RECORDED INFORMATION:
· · ·
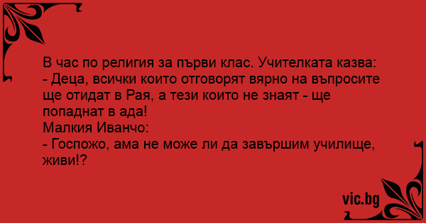 - Деца, всички които отговорят вярно на въпросите ще отидат в Рая, а тези които не знаят - ще попаднат в ада!
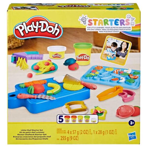 Ας προετοιμαστούμε! Το Play-Doh Kitchen Creations Little Chef Starter Set είναι φτιαγμένο για επίδοξους μάγειρες, με 14 αξεσουάρ κουζίνας play και 5 χρώματα Play-Doh. Τα παιδιά μπορούν να κόψουν σχήματα φαγητού παιχνιδιού χρησιμοποιώντας τα καλούπια και τους κόφτες και, στη συνέχεια, να ακολουθήσουν τις οδηγίες στην σανίδα κοπής του παιχνιδιού για να τα κόψουν σε φέτες και να τα ψιλοκόψουν με τα μαχαίρια! Είτε πρόκειται για το πρώτο τους σετ εκκίνησης Play-Doh είτε για δώρο για παιδιά 3 ετών και άνω, αφήστε τα να ανακαλύψουν τη χαρά των παιχνιδιών Play-Doh!
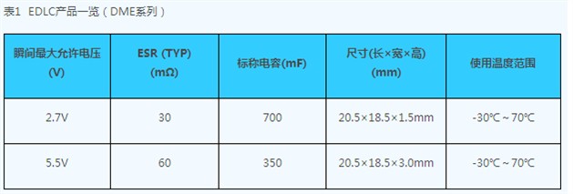 表1為村田制作所的EDLC產(chǎn)品一覽,圖4為使用了村田EDLC的LEDflach演示板。這個系統(tǒng)能在33毫秒內(nèi)向LED提供最大為8A的大電流。(可控制在2A-8A/10-60毫秒)
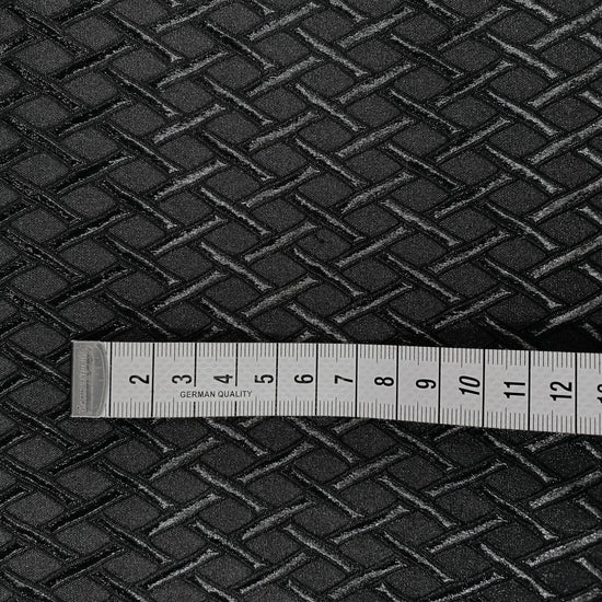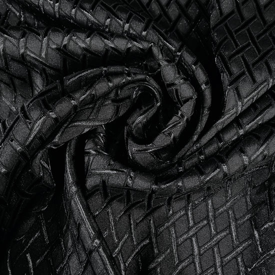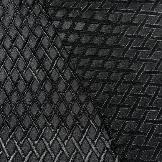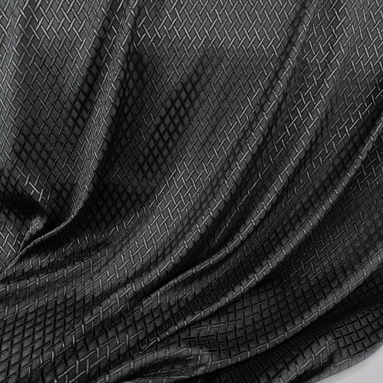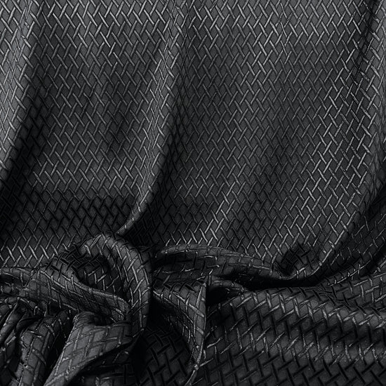 A light to medium weight, opaque, damask Jacquard with diamond hatch motif, great drape, some stretch in the weft direction and a smooth, silky handle and appearance.
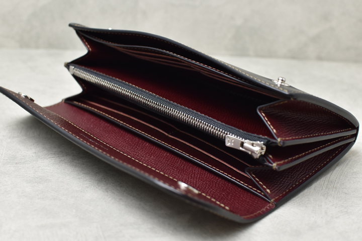 迫力の大型長財布です。見た目通りの充実した収納量を備え、細かな仕分けも容易なモデルで、大判ならではのダイナミックな経年変化もお愉しみ頂けます。
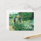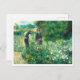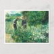 Picking Flower is a beautiful painting by Auguste Renoir featuring a light-skinned man and woman stand looking at each other, surrounded by blooming flowers and lush green trees. The palette is dominated by shades of vibrant green and blue, and is loosely painted with daubs and short strokes, making details indistinct. The man stands facing our right, almost in profile, and bends forward slightly with one hand gesturing towards the flowers. He wears a vest and trousers, a white shirt, and a butterscotch-gold hat. The woman stands near him to our right, and faces us with her head turned to look at the man. She wears a long gown, a cherry-red hat, and what appears to be a blue and cherry-red scarf around her neck.
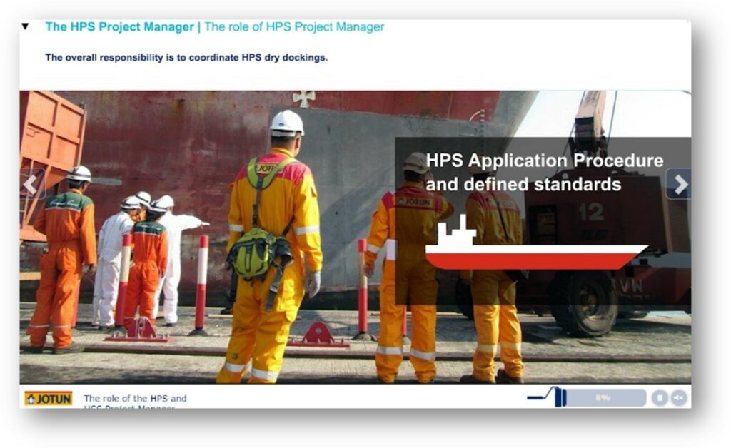 An example of one of the many courses we have created for them is within their largest business segment, Marine. "Hull Performance Solutions (HPS) is Jotun's flagship within paint services. Here, we have developed a course that trains their "HPS Managers" globally. Naturally, the course was developed in close co-operation with Jotun's engineers.
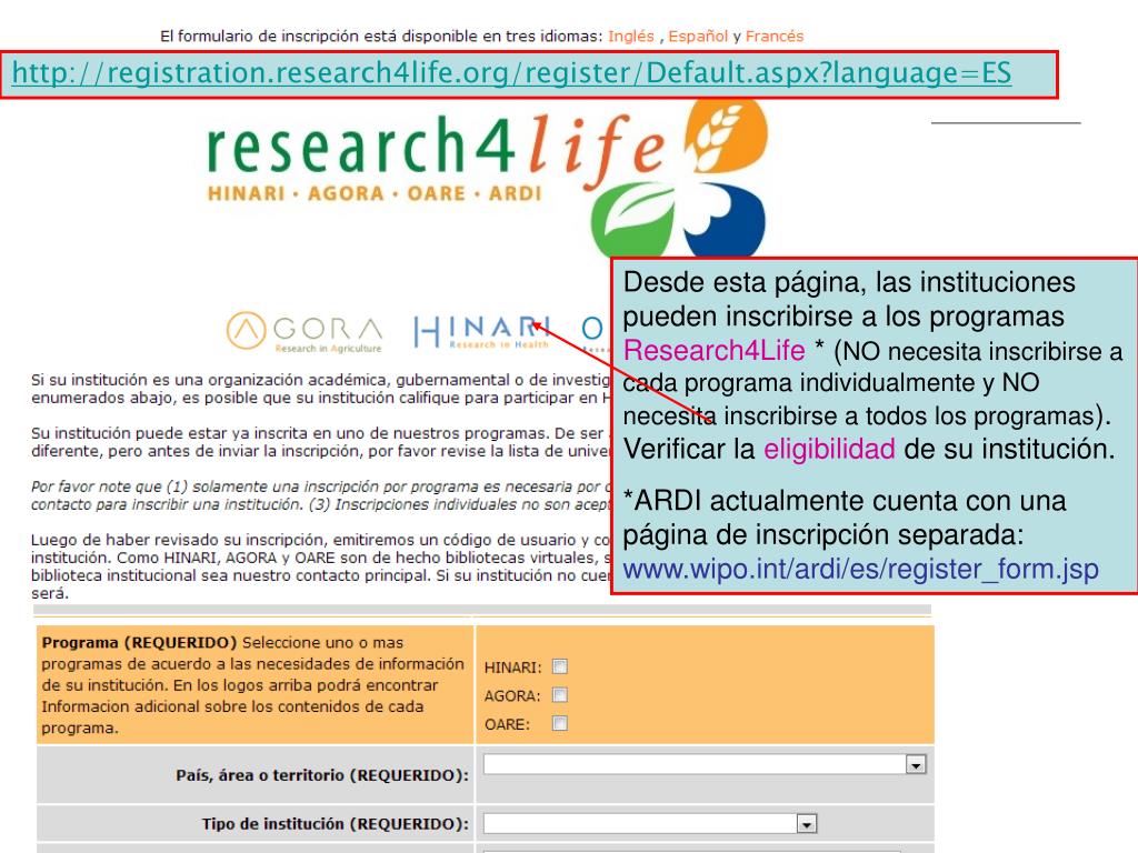 http://registration.research4life.org/register/Default.aspx?language=EShttp://registration.research4life.org/register/Default.aspx?language=ES Desde esta página, las instituciones pueden inscribirse a los programas Research4Life * (NO necesita inscribirse a cada programa individualmente y NO necesita inscribirse a todos los programas). Verificar la eligibilidad de su institución. *ARDI actualmente cuenta con una página de inscripción separada: www.wipo.int/ardi/es/register_form.jsp
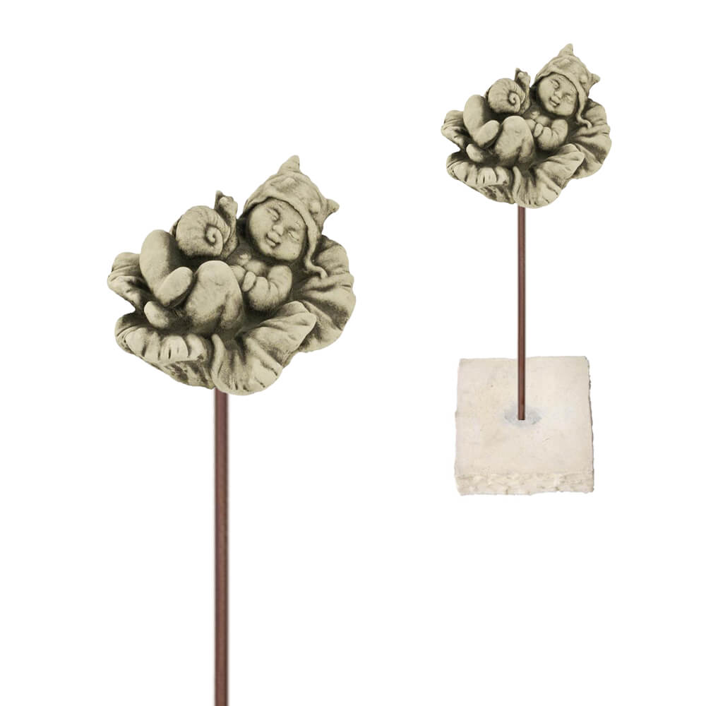Schlafender Garten Wichtel aus Steinguss - Phineus Columba / ohne Stab
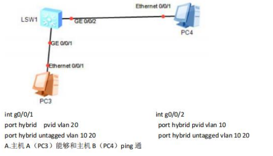 #### A. 交换机 GE0/0/1 端口在发送 VLAN20 的数据帧时, 不携带 VLAN 标签
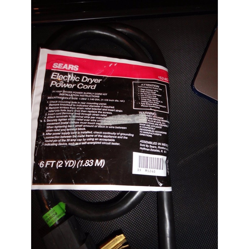Sears New Sears Electric Dryer Power Cord 30Amp 4 wire 6Feet - 95240
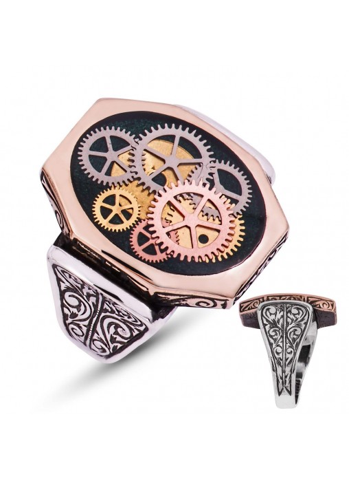 Yeşil Mineli Gümüş Saat Çarkı Erkek Yüzük Bu yüzük dişli çarklar, pinyon dişliler, zemberek, eşapman, denge ağırlığı, kadran gibi mekanik saat parçaları rastgele kullanılarak eşsiz bir desen meydana getirilmiştir. Bir saatin içinde bulunan tüm parçalar bu yüzükte mevcuttur. Bu sayede sevdiğinizi beklerken zamanın ne kadar yavaş geçtiğini, onunlayken de zamanın ne kadar hızlı aktığını anımsatacak. Ayrıca zaman herkesin içinde başka türlü ilerler, günün her anının ne kadar değerli olduğunu saat çarklarından oluşan bu yüzükle hatırlayın. Not: Yüzükte bulunan parçalar her biri birbirinden farklı rastgele parçalardan oluşmaktadır. Yüzük kasası ve zemin rengi fotoğrafta göründüğü gibi olacaktır ancak içindeki parçalar farklı olarak dizilmiş olabilir. Vereceğiniz siparişte lütfen bunu da göz önünde bulundurunuz. En : 2 cm Boy : 2.5 cm Ağırlık : 20 gr Ürün hediye kutusunda gönderilecektir... Ürünlerimizin tamamı el emeği ile üretilmiştir. Gümüş ve değerli taşlar nedeniyle ürün ağırlığında ± %5 sapma olabilmektedir.
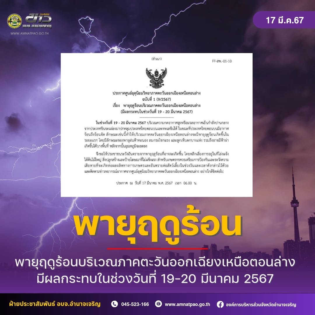 กรมอุตุฯ ประกาศเตือน ฉบับที่ 1 เตรียมรับมือ พายุฤดูร้อน ถล่มไทย (ภาคตะวันออกเฉียงเหนือตอนล่าง)19-20 มี.ค.นี้ เกิดฝนตก-ลมแรง บางพื้นที่มีลูกเห็บ จากนั้นอากาศจะเย็นลง
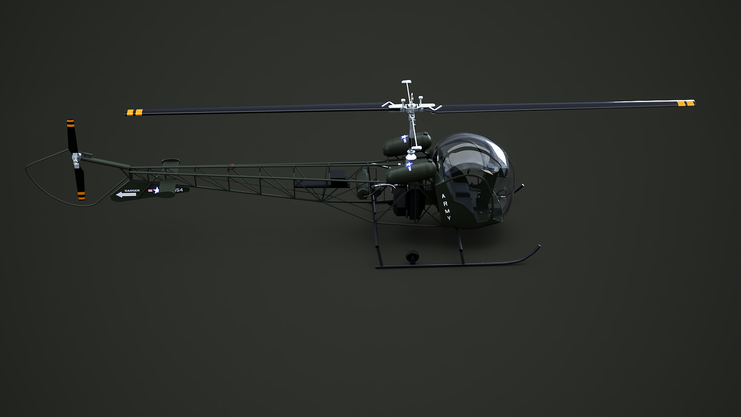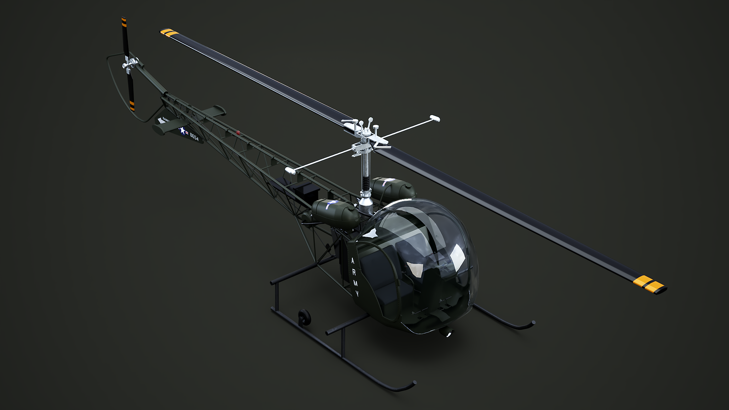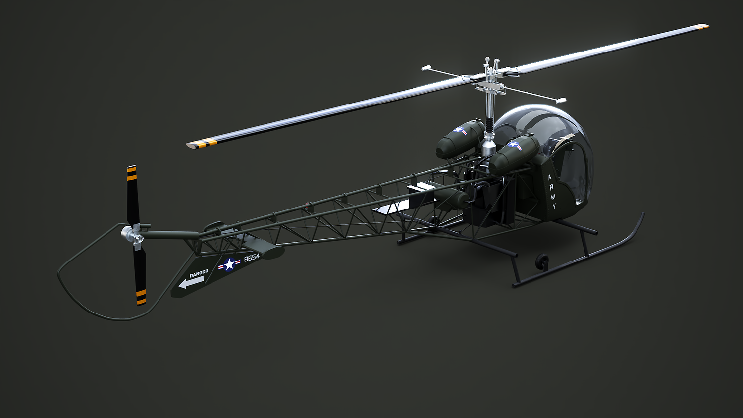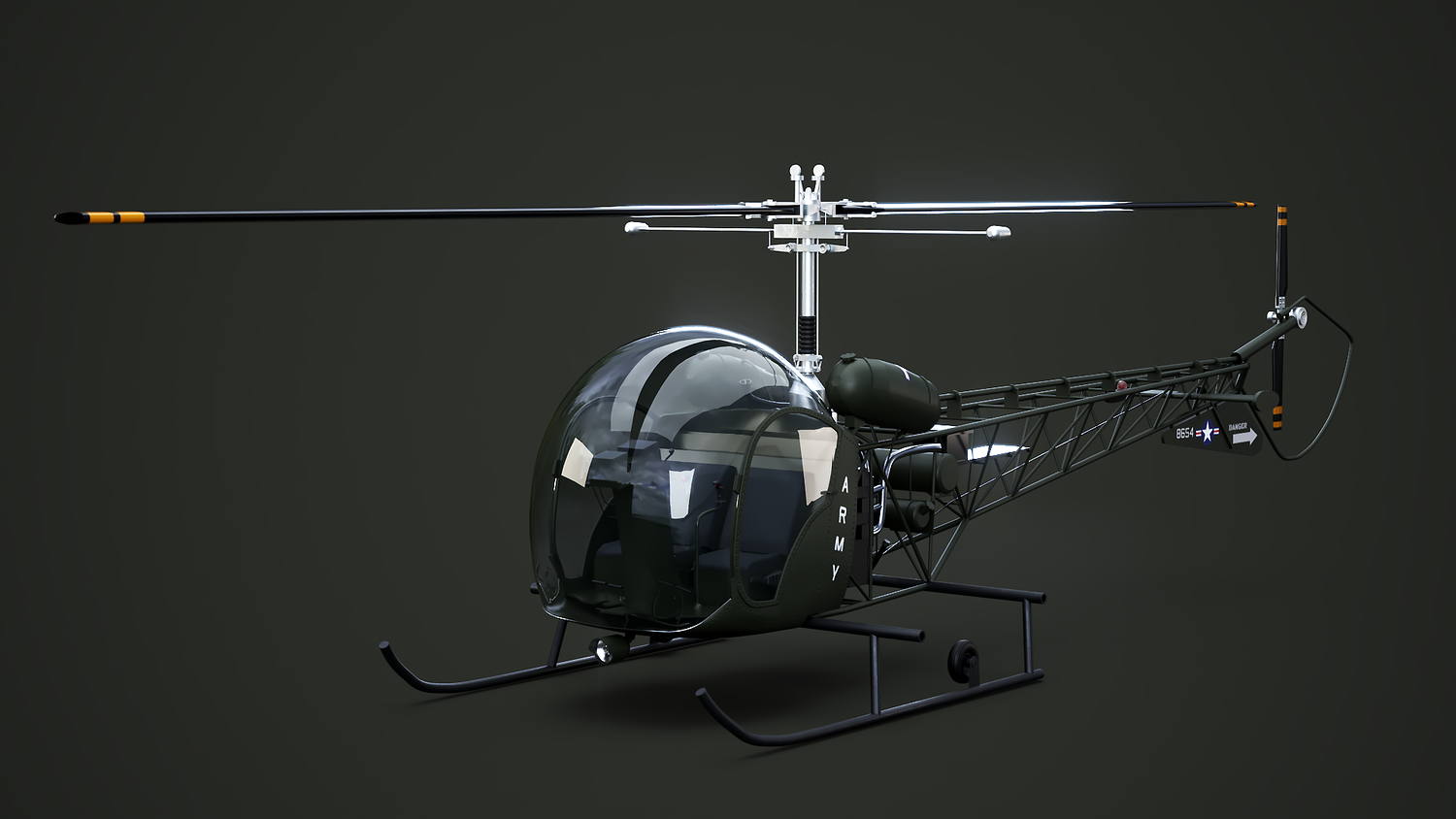 Detailed Bell 47/H-13 Light military light helicopter 3D model with full PBR textures, accurate frame construction, realistic cockpit, and clean topology.
· · ·
WORK REQUIRED: Your copy should hold exactly the lines from the line containing "Sears New Sears" through the last line of the listing above, both included, and no pictures.

ANSWER TO THE EXERCISE:
Sears New Sears Electric Dryer Power Cord 30Amp 4 wire 6Feet - 95240
 Yeşil Mineli Gümüş Saat Çarkı Erkek Yüzük Bu yüzük dişli çarklar, pinyon dişliler, zemberek, eşapman, denge ağırlığı, kadran gibi mekanik saat parçaları rastgele kullanılarak eşsiz bir desen meydana getirilmiştir. Bir saatin içinde bulunan tüm parçalar bu yüzükte mevcuttur. Bu sayede sevdiğinizi beklerken zamanın ne kadar yavaş geçtiğini, onunlayken de zamanın ne kadar hızlı aktığını anımsatacak. Ayrıca zaman herkesin içinde başka türlü ilerler, günün her anının ne kadar değerli olduğunu saat çarklarından oluşan bu yüzükle hatırlayın. Not: Yüzükte bulunan parçalar her biri birbirinden farklı rastgele parçalardan oluşmaktadır. Yüzük kasası ve zemin rengi fotoğrafta göründüğü gibi olacaktır ancak içindeki parçalar farklı olarak dizilmiş olabilir. Vereceğiniz siparişte lütfen bunu da göz önünde bulundurunuz. En : 2 cm Boy : 2.5 cm Ağırlık : 20 gr Ürün hediye kutusunda gönderilecektir... Ürünlerimizin tamamı el emeği ile üretilmiştir. Gümüş ve değerli taşlar nedeniyle ürün ağırlığında ± %5 sapma olabilmektedir.
 กรมอุตุฯ ประกาศเตือน ฉบับที่ 1 เตรียมรับมือ พายุฤดูร้อน ถล่มไทย (ภาคตะวันออกเฉียงเหนือตอนล่าง)19-20 มี.ค.นี้ เกิดฝนตก-ลมแรง บางพื้นที่มีลูกเห็บ จากนั้นอากาศจะเย็นลง
 Detailed Bell 47/H-13 Light military light helicopter 3D model with full PBR textures, accurate frame construction, realistic cockpit, and clean topology.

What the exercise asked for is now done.